Trees & Shields: Part 5

“I think they’re going to send more over the shields—maybe to go straight for Jadzen and the council members here.”

Jaclyn stared up at the top of the shields. “Of course they are. If they can do it once, they can do it again and with 20 times the people.”

A chill went through me as she said that. She was right and we wouldn’t be able to handle that many.

Jaclyn glanced over at the shields. They were spattered with energy blasts. If the Ascendancy sent people through at a time like this, they stood a good chance taking down the shields from within while we were distracted.

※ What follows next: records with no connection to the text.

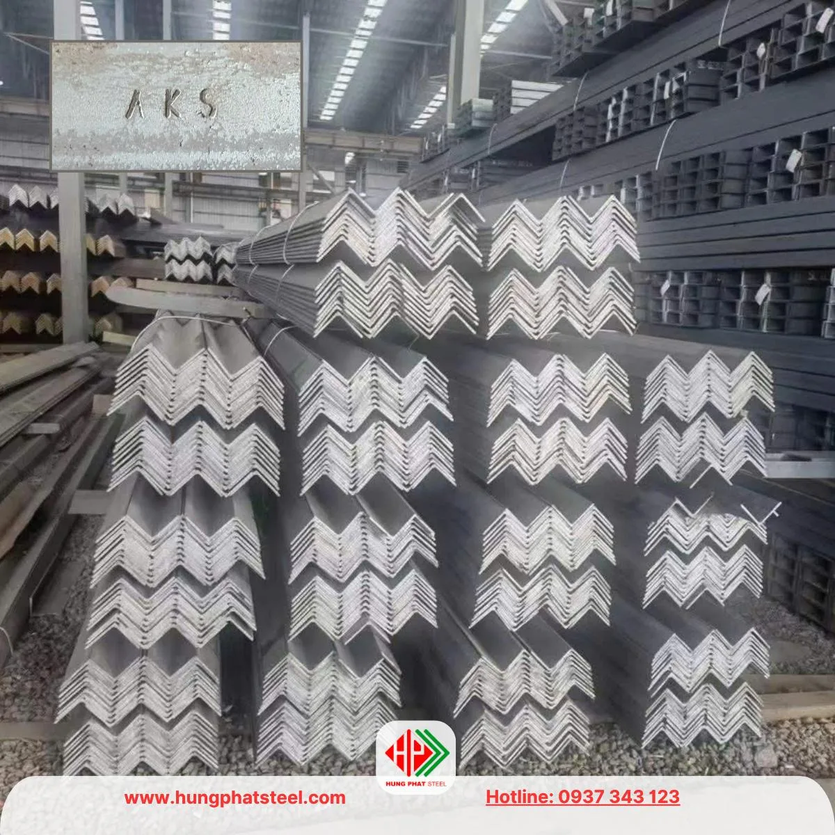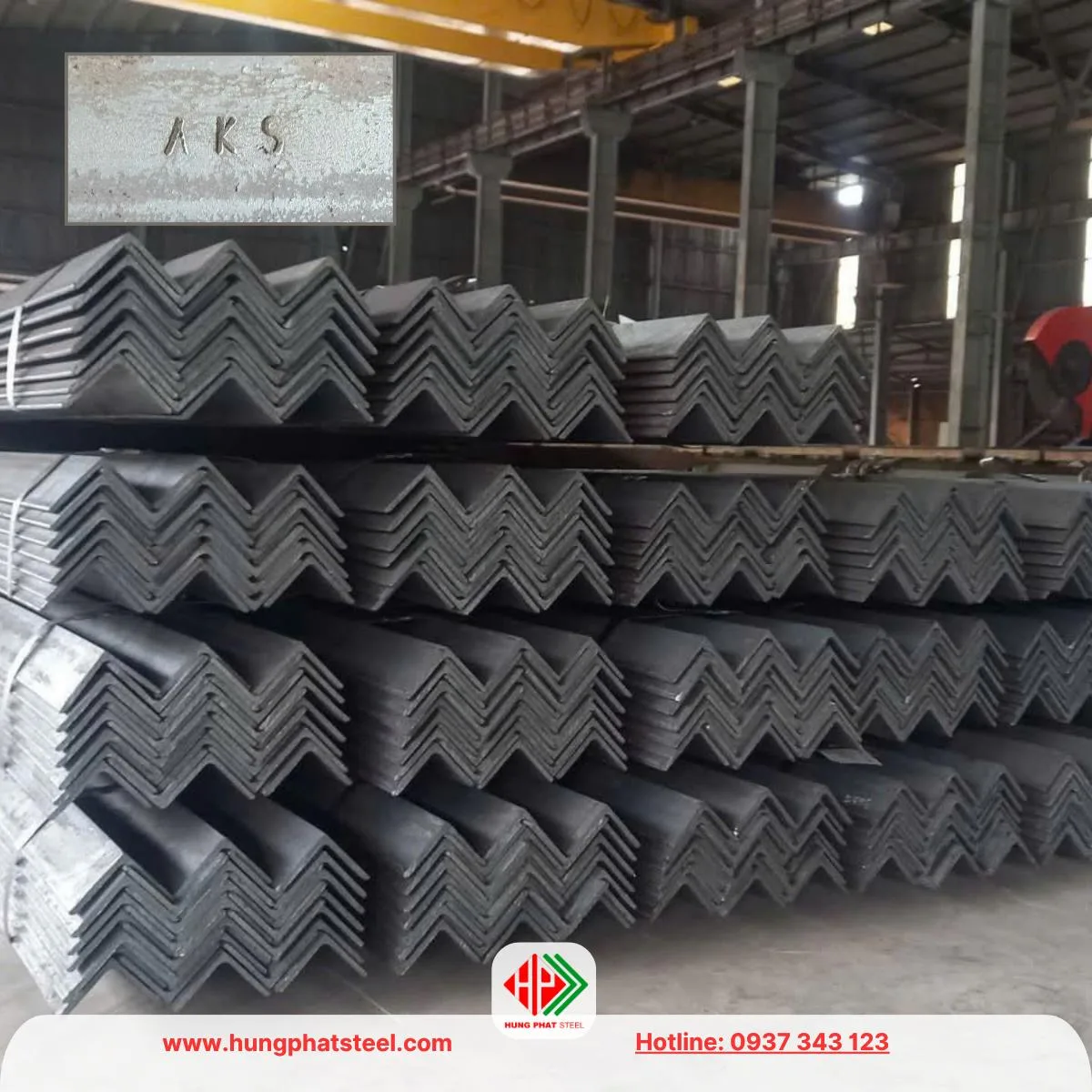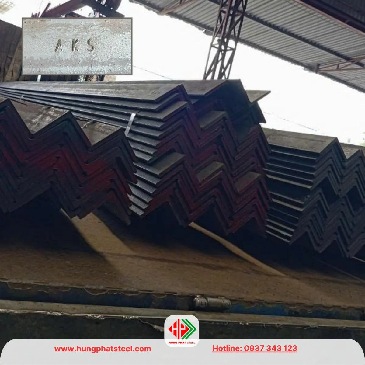 - Mác thép và kích thước in rõ ràng:Thông tin như “V90x90x8 – SS400 – AKS” được in/khắc giúp dễ kiểm tra và truy xuất nguồn gốc.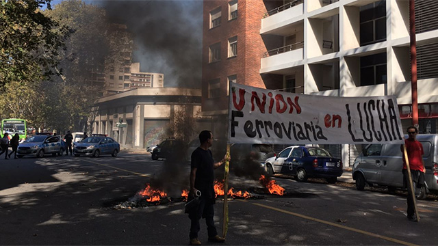 Gremio de AFE quema cubiertas, corta calle y bloquea ingreso a edificio sede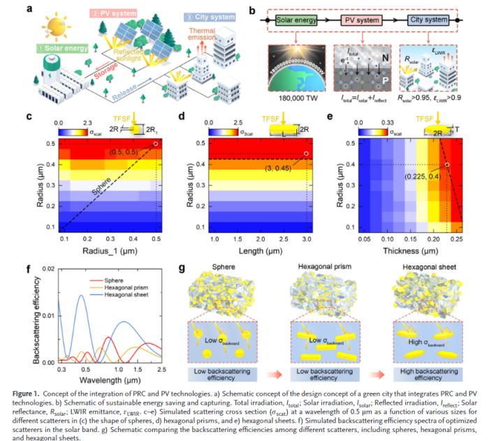 該材料通過將MIL-96衍生的多級結構氧化鋁片嵌入玻璃基質中,實現了近乎完美的太陽能反射率(>0.98)和高長波紅外發射率(0.93),在白天可實現最高7.4°C的低于環境溫度的冷卻效果,并在中午時段將光伏短路電流提升10.46 mA。全球模擬顯示,該材料有望通過降低冷卻需求與提升光伏輸出,實現14.3億噸的二氧化碳減排,為建筑節能和可再生能源捕獲提供了創新解決方案。

“I know what to do,” Jaclyn checked the top of the shields again and then turned back to us. “If I go out there and knock down the trees around us, they won’t be able to get high enough.”

“Good idea,” I said.

Marcus took a breath. “Are you okay? I mean, you got hit pretty bad earlier and this will be more of the same. Whatever they’re using takes more out of you than bullets.”

She frowned. “Look, I can take it for a little while. I’ve got one of Nick’s suits. Plus, if they get through we’re all going to die.”

Marcus’ face tightened. “You had the new suit on last time too. How damaged is it?”

Jaclyn shook her head. “We don’t have time for this. I’m going to be moving too quickly to take a lot of hits.”

Raising an eyebrow, Marcus looked her in the eyes. “While knocking down trees?”

From where she was firing her gun, Cassie shouted back at us, “She should do it.”

“Here’s an idea,” I said. “Tikki should go with her. That’ll keep the shots that do hit to a manageable level.”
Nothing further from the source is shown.